Si l’ingénierie innovante peut, provisoirement, combler ce manque, une amélioration durable et viable dans les résultats sanitaires des Palestiniens de Gaza ne peut être possible que si le contexte politique sous-jacent est pris en compte.

La nécessité de fabriquer rapidement de nouveaux produits avec des ressources matérielles limitées soulève aussi des questions d’éthique pour les ingénieurs de Gaza. Sharaf possède une petite entreprise privée d’électricité à Gaza, mais jamais il n’a mis quoi que ce soit au point dans le domaine médical. « Nous avons quelques ingénieurs spécialisés en équipement médical à Gaza, mais il n’existe aucune industrie pour ce travail en tant que tel » explique Sharaf.

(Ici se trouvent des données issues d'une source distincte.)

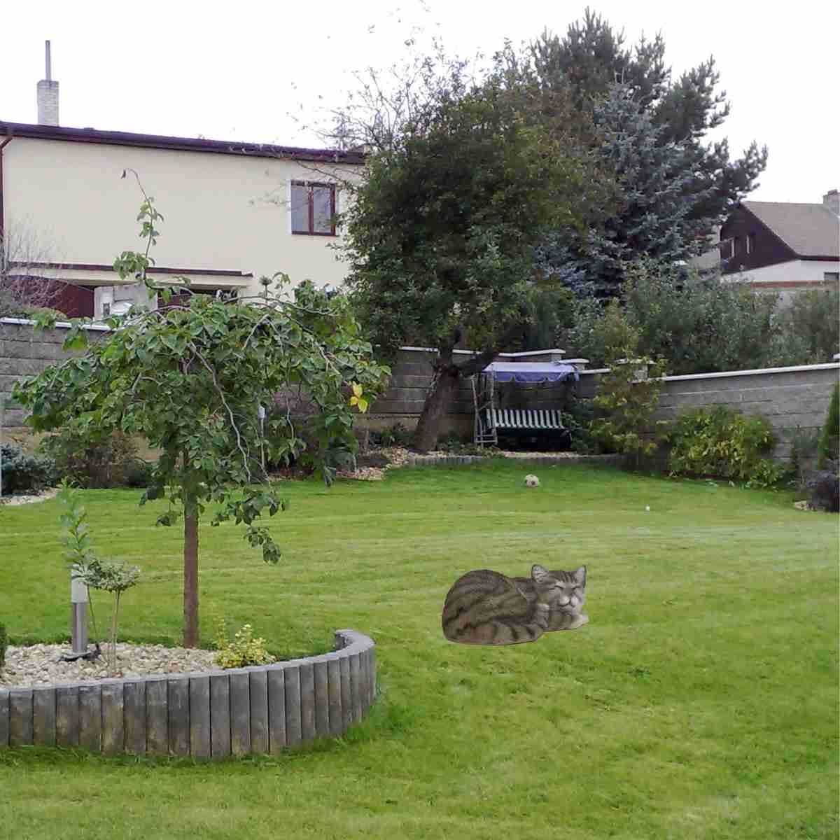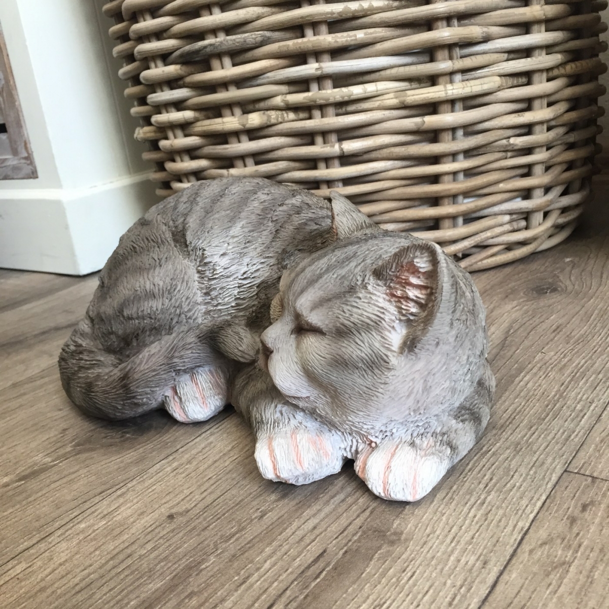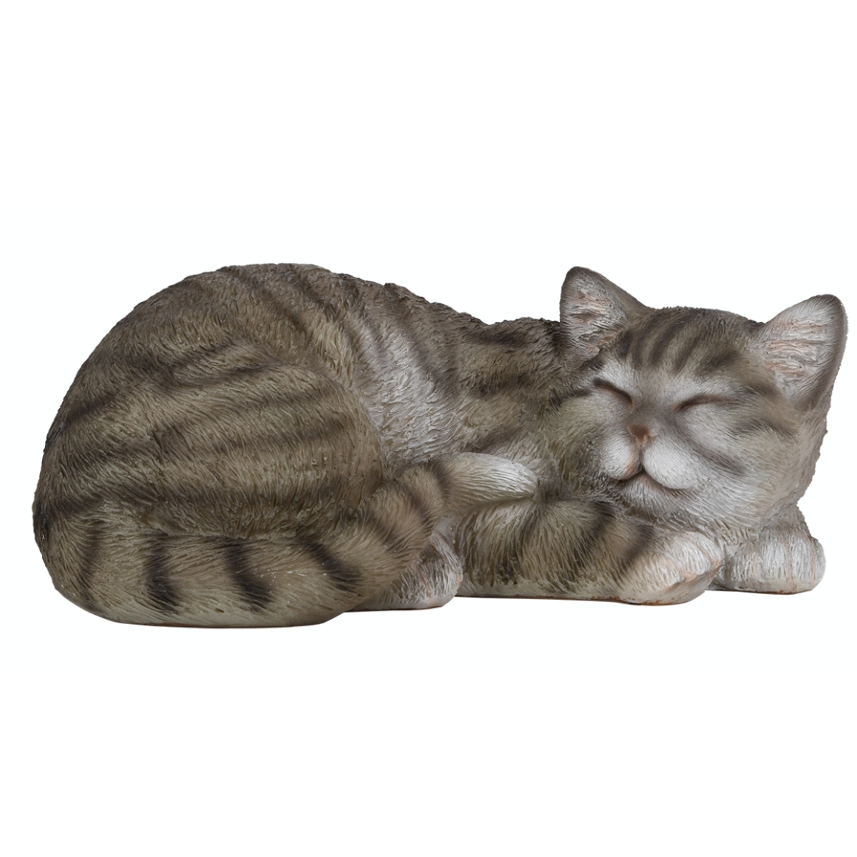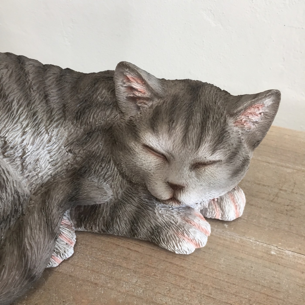 Venkovní socha spící šedé kotě vyrobená z polyresinu je téměř k nerozeznání od skutečného kočičího mazlíčka.
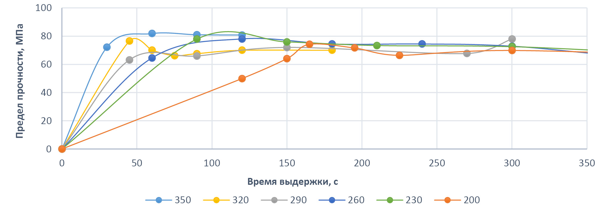 Рис. 4. Зависимости роста прочности полимера от времени оплавления при разных температурах.
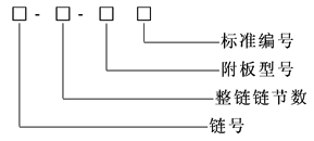 标记示例: 链号为08A、87节、附板为K1型的滚子链,标记为: 08A-87-K1 GB/T 1243—2006 |
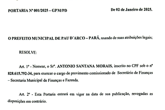 Após os festejos de final de ano e no acender das luzes de 2025, o primeiro ato do Sr. Domingos Guedes Neto (mais conhecido como Domingos Enfermeiro) ao se levantar da cama foi entregar as chaves do cofre da cidade ao Toni Morais como o novo e poderoso Secretário de Finanças e Fazenda, através da Portaria nº 001/2025 no dia 02 de janeiro.

Son modèle est l’un des trois en cours de production à Gaza et il doit être testé par le ministère de la Santé de Gaza dans les prochains jours, mais à Gaza, il n’y a pas les moyens de tester cet équipement à grande échelle. « Le défi dans la production de respirateurs artificiels est la question d’essayer de standardiser l’appareil avec des matériaux disponibles limités. Le marché dans ces matériaux pour l’ingénierie médicale est extrêmement pauvre en raison du blocus » dit Sharaf.

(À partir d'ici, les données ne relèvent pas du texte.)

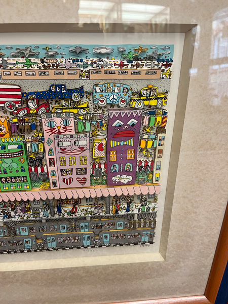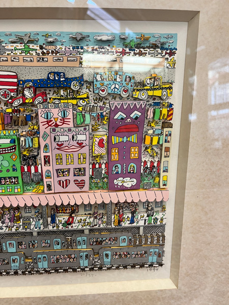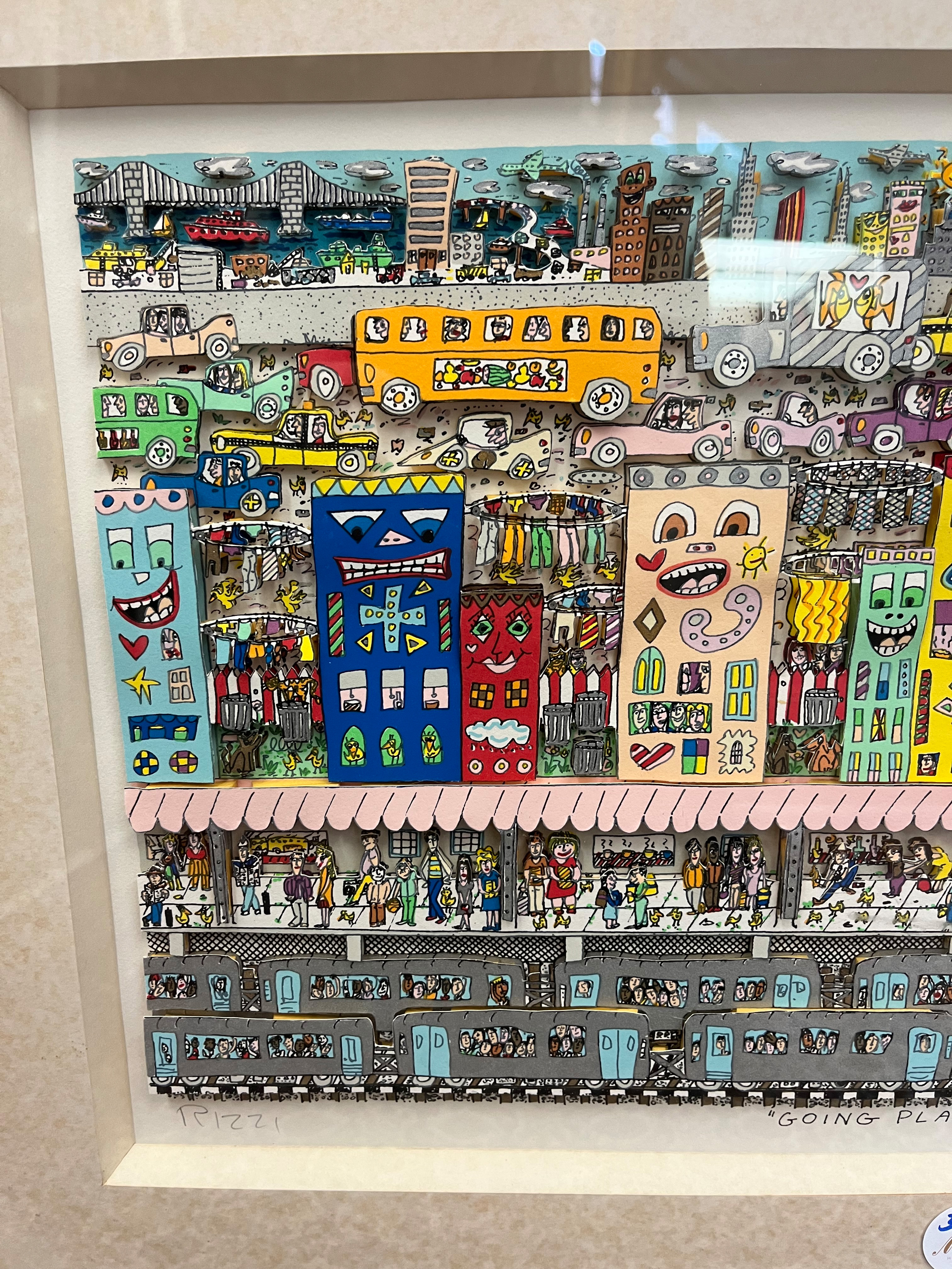 - Katalog-Nr: 351James Rizzi (1950-2011). „Going Places“. Farblithographie mit 3D, Aufl. 80/350, li./u./sign./dat. 1994, mit Passepartout hi./Gl. gerahmt, 28 x 51 cm.o.L.
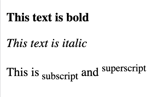 <p>This is<sub> subscript</sub> and <sup>superscript</sup></p>
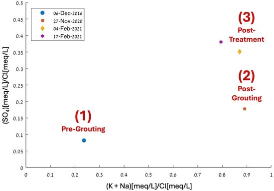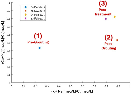 Figure 6 illustrates the groundwater geochemical evolution, with normalized calcium and magnesium concentrations in milliequivalents compared to sodium and potassium concentrations. This view suggests that the impact of sodium and potassium release on the system due to grouting application remains significant despite the acidic treatment, which also increased the availability of calcium and magnesium ions in the groundwater.

L’histoire de l’innovation en matière de respirateur artificiel à Gaza est celle de la violence structurelle historique, apparaissant sous de nouvelles formes dans le contexte du COVID-19.

Un tel équipement devrait normalement passer par de multiples séries de tests à grande échelle avant d’être mis en service, mais ce n’est pas une option à Gaza. Comme beaucoup dans son secteur, Sharaf craint profondément que l’on soit forcé de les utiliser avant qu’ils ne soient techniquement sûrs. Les respirateurs artificiels sont essentiels dans la réponse à la pandémie, mais le marché mondial hautement compétitif et les prix élevés du marché font qu’il est impossible d’envisager de les importer à Gaza – même si de telles importations étaient autorisées par le blocus.

Même au milieu de ces préoccupations, des respirateurs artificiels basiques comme celui-ci pourraient sauver des vies.

L’histoire de l’innovation en matière de respirateur artificiel à Gaza est celle de la violence structurelle historique, apparaissant sous de nouvelles formes dans le contexte du COVID-19. Selon le droit international en sa Quatrième Convention de Genève, Israël, en tant que puissance occupante, est responsable de la population qui vit sous son contrôle, ce qui inclut tous les Palestiniens de la bande de Gaza. Le blocus sur les fournitures médicales doit être immédiatement levé, et les Palestiniens doivent être autorisés à sortir de Gaza s’ils ont besoin d’être hospitalisés ailleurs. En l’état actuel des choses, la violence structurelle du blocus sera un déterminant fondamental de la façon dont le COVID-19 impactera la bande de Gaza.